:: Exercise data ::

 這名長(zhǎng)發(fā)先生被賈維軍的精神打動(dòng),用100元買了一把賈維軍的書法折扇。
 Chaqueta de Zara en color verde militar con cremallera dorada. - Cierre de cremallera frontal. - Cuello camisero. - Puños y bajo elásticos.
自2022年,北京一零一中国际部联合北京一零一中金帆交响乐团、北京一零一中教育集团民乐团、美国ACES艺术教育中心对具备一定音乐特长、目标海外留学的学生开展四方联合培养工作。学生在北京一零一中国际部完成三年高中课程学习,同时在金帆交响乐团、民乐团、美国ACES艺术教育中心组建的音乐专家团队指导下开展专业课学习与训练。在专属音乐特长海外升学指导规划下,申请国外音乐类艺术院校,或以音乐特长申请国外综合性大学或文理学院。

:::
:: Exercise data ::

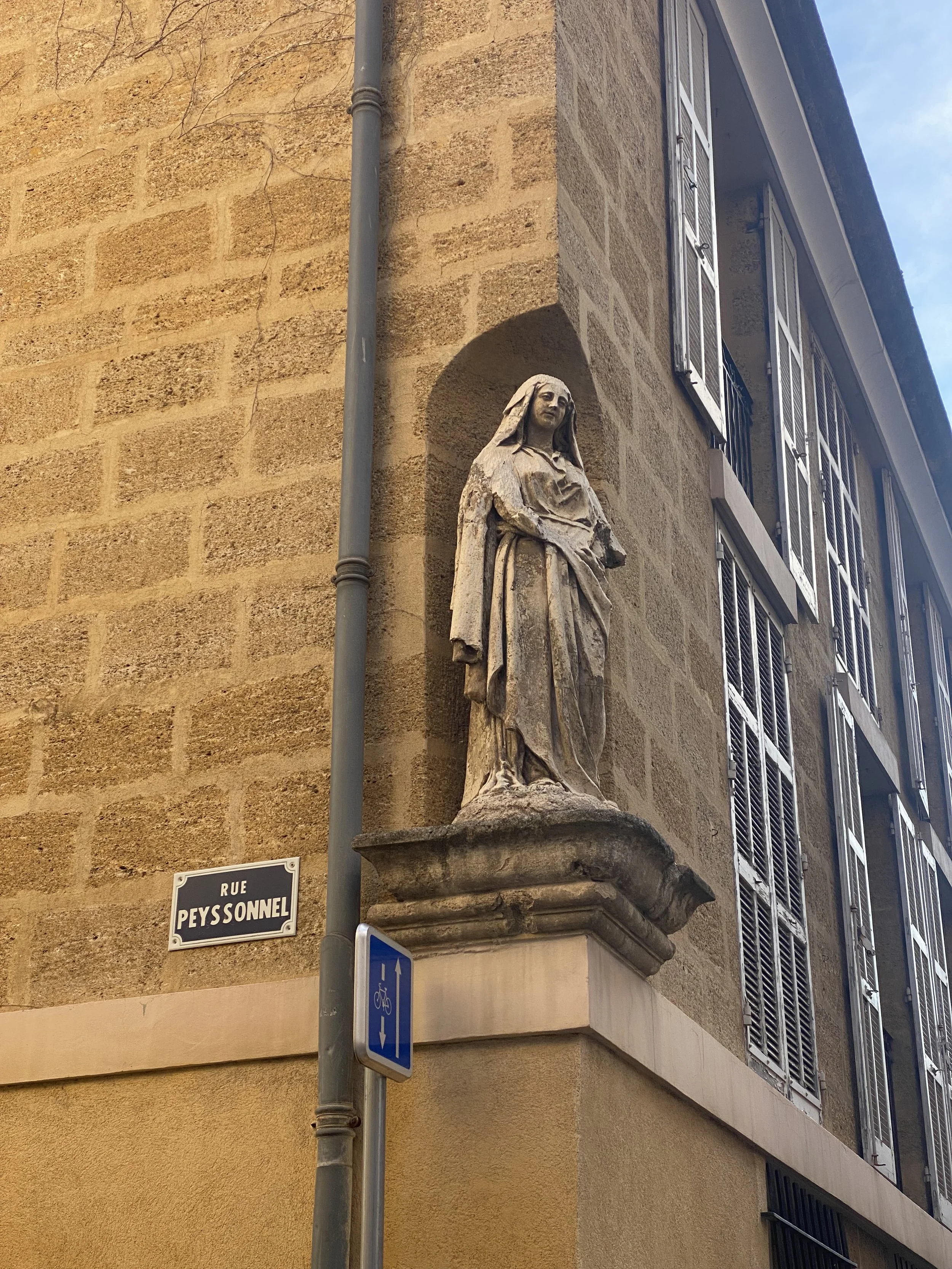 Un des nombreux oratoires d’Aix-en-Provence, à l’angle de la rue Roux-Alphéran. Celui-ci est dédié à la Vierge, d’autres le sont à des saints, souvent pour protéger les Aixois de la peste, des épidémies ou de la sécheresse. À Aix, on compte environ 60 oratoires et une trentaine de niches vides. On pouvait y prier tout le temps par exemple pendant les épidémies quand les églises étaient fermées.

:::
:: Exercise data ::

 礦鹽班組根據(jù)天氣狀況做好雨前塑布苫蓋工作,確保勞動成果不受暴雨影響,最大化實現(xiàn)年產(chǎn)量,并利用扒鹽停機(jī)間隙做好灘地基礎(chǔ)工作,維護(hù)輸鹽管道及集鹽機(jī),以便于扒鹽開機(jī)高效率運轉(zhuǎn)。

:::

The lines to extract from the data above begin with the line containing "這名長(zhǎng)發(fā" and end with the line containing "自2022年,北京一零一中国". Extract them exactly, including both.

Exercise solution:
 這名長(zhǎng)發(fā)先生被賈維軍的精神打動(dòng),用100元買了一把賈維軍的書法折扇。
 Chaqueta de Zara en color verde militar con cremallera dorada. - Cierre de cremallera frontal. - Cuello camisero. - Puños y bajo elásticos.
自2022年,北京一零一中国际部联合北京一零一中金帆交响乐团、北京一零一中教育集团民乐团、美国ACES艺术教育中心对具备一定音乐特长、目标海外留学的学生开展四方联合培养工作。学生在北京一零一中国际部完成三年高中课程学习,同时在金帆交响乐团、民乐团、美国ACES艺术教育中心组建的音乐专家团队指导下开展专业课学习与训练。在专属音乐特长海外升学指导规划下,申请国外音乐类艺术院校,或以音乐特长申请国外综合性大学或文理学院。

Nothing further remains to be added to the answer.